◆ WHAT IS NEEDED ◆
For the records that follow, restate each one word for word and leave the images behind.

>>>>

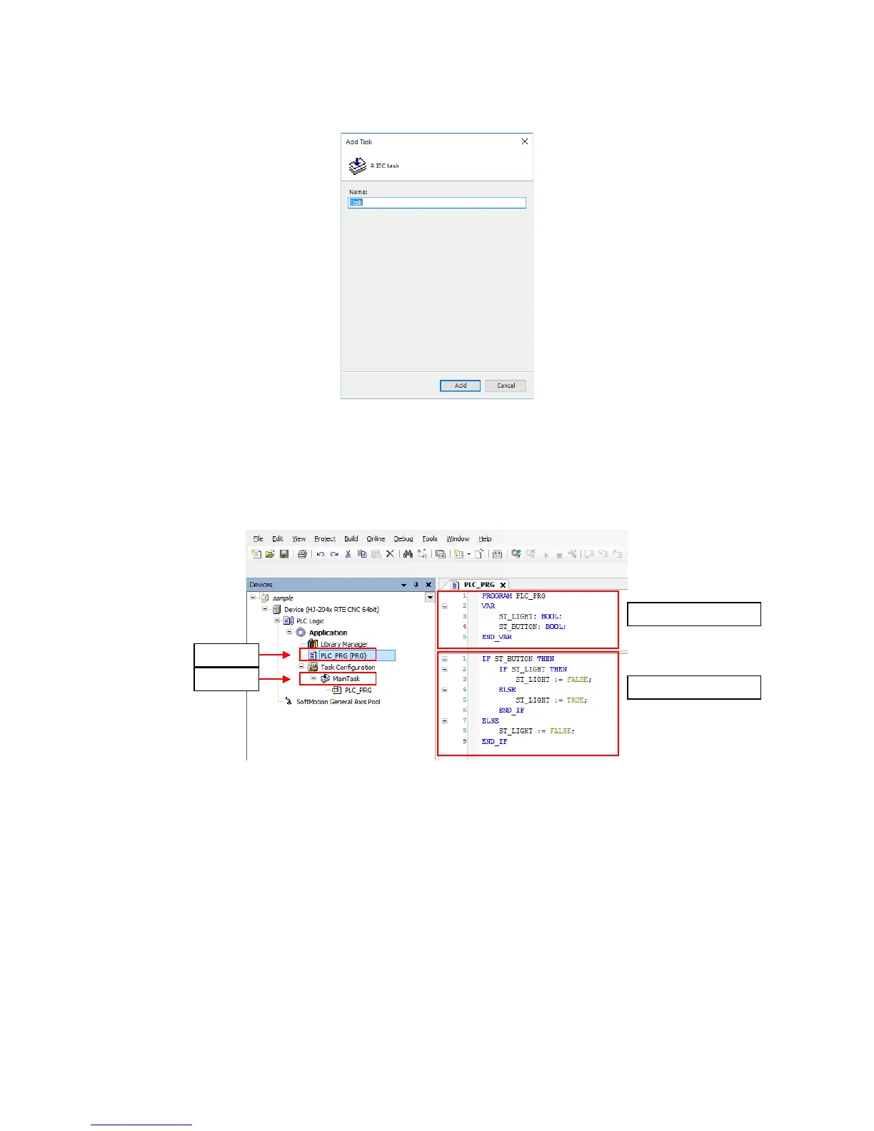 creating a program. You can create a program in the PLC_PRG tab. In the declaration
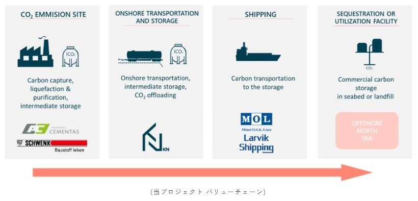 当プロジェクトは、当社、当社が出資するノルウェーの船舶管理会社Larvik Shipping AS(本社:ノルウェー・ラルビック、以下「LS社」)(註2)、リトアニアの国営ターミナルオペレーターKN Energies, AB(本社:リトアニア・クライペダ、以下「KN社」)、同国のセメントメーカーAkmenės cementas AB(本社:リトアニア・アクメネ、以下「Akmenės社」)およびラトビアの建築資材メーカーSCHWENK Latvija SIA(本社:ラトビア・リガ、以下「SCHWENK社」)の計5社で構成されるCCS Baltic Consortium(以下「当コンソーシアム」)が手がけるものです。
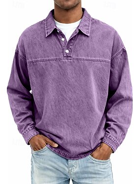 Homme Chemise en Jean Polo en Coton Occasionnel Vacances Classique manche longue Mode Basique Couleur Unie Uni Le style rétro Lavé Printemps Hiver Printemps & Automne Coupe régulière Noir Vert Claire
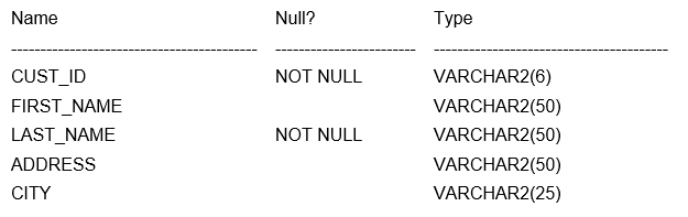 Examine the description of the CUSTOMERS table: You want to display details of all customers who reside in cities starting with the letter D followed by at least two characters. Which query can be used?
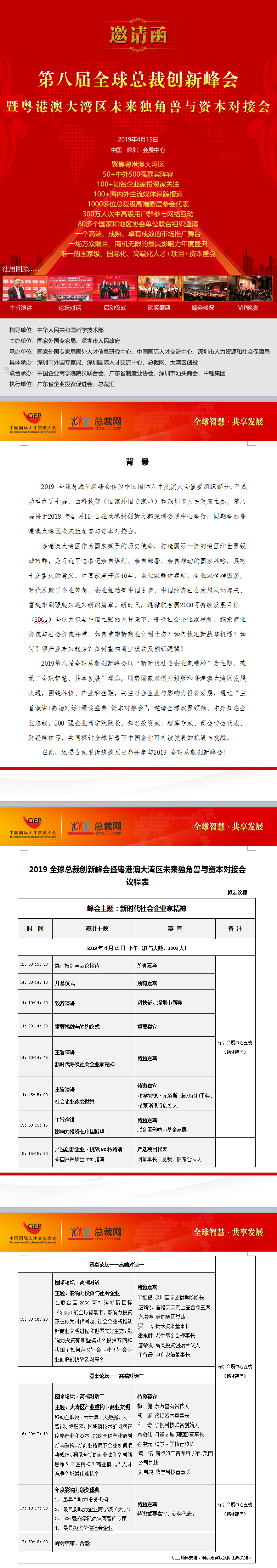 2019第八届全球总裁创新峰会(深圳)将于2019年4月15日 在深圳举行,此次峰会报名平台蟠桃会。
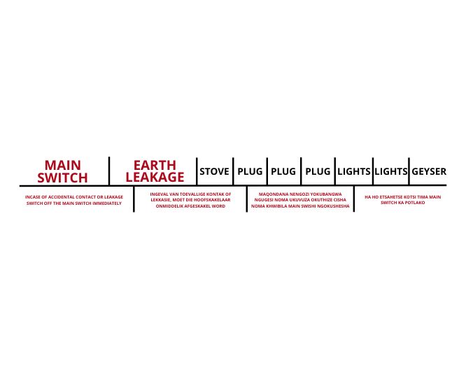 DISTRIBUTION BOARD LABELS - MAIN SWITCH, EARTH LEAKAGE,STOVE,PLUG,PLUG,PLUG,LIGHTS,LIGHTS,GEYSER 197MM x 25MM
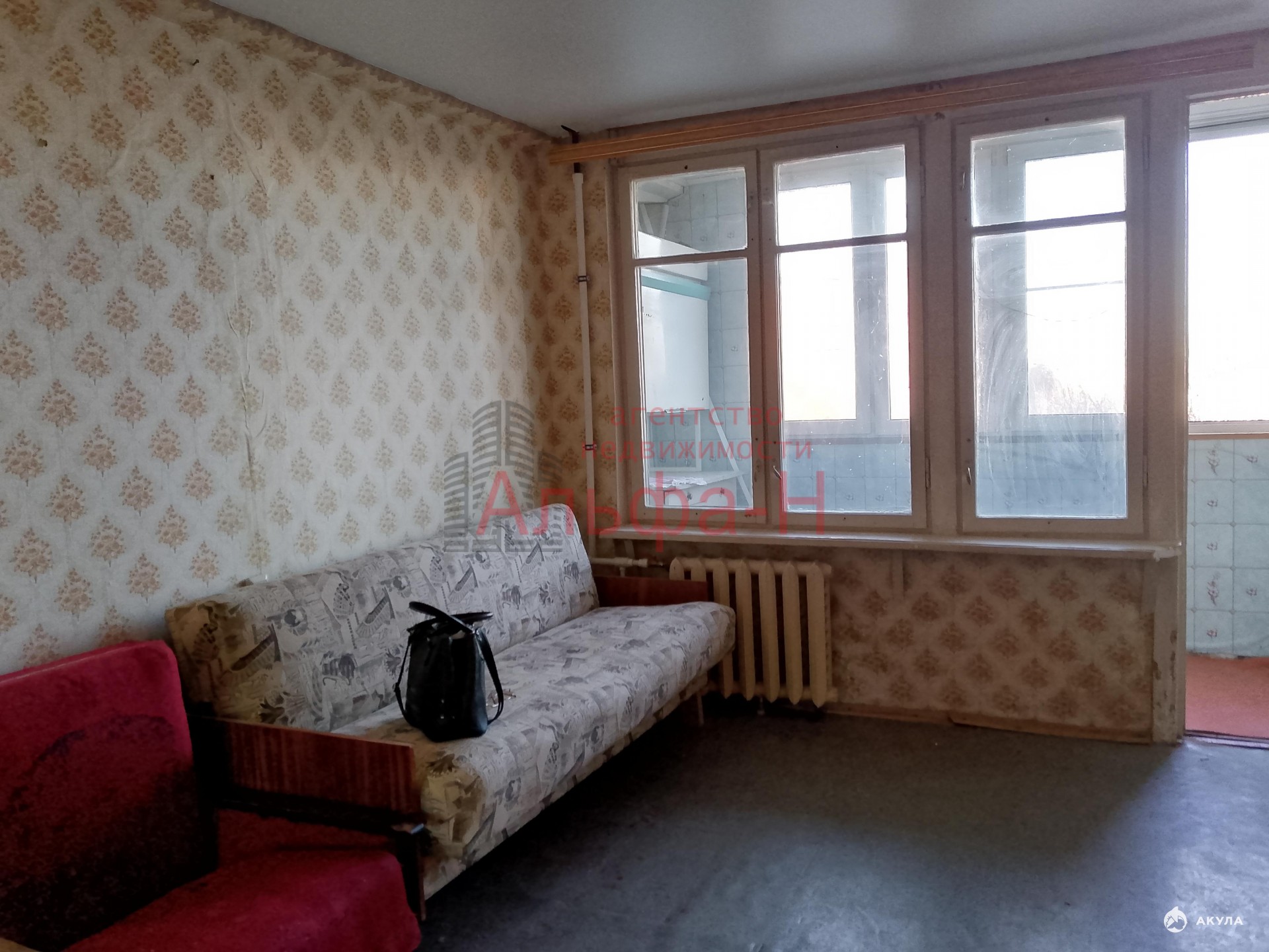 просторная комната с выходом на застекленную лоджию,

<<<<

◆ WRITTEN RESPONSE ◆
 creating a program. You can create a program in the PLC_PRG tab. In the declaration
 当プロジェクトは、当社、当社が出資するノルウェーの船舶管理会社Larvik Shipping AS(本社:ノルウェー・ラルビック、以下「LS社」)(註2)、リトアニアの国営ターミナルオペレーターKN Energies, AB(本社:リトアニア・クライペダ、以下「KN社」)、同国のセメントメーカーAkmenės cementas AB(本社:リトアニア・アクメネ、以下「Akmenės社」)およびラトビアの建築資材メーカーSCHWENK Latvija SIA(本社:ラトビア・リガ、以下「SCHWENK社」)の計5社で構成されるCCS Baltic Consortium(以下「当コンソーシアム」)が手がけるものです。
 Homme Chemise en Jean Polo en Coton Occasionnel Vacances Classique manche longue Mode Basique Couleur Unie Uni Le style rétro Lavé Printemps Hiver Printemps & Automne Coupe régulière Noir Vert Claire
 Examine the description of the CUSTOMERS table: You want to display details of all customers who reside in cities starting with the letter D followed by at least two characters. Which query can be used?
 2019第八届全球总裁创新峰会(深圳)将于2019年4月15日 在深圳举行,此次峰会报名平台蟠桃会。
 DISTRIBUTION BOARD LABELS - MAIN SWITCH, EARTH LEAKAGE,STOVE,PLUG,PLUG,PLUG,LIGHTS,LIGHTS,GEYSER 197MM x 25MM
 просторная комната с выходом на застекленную лоджию,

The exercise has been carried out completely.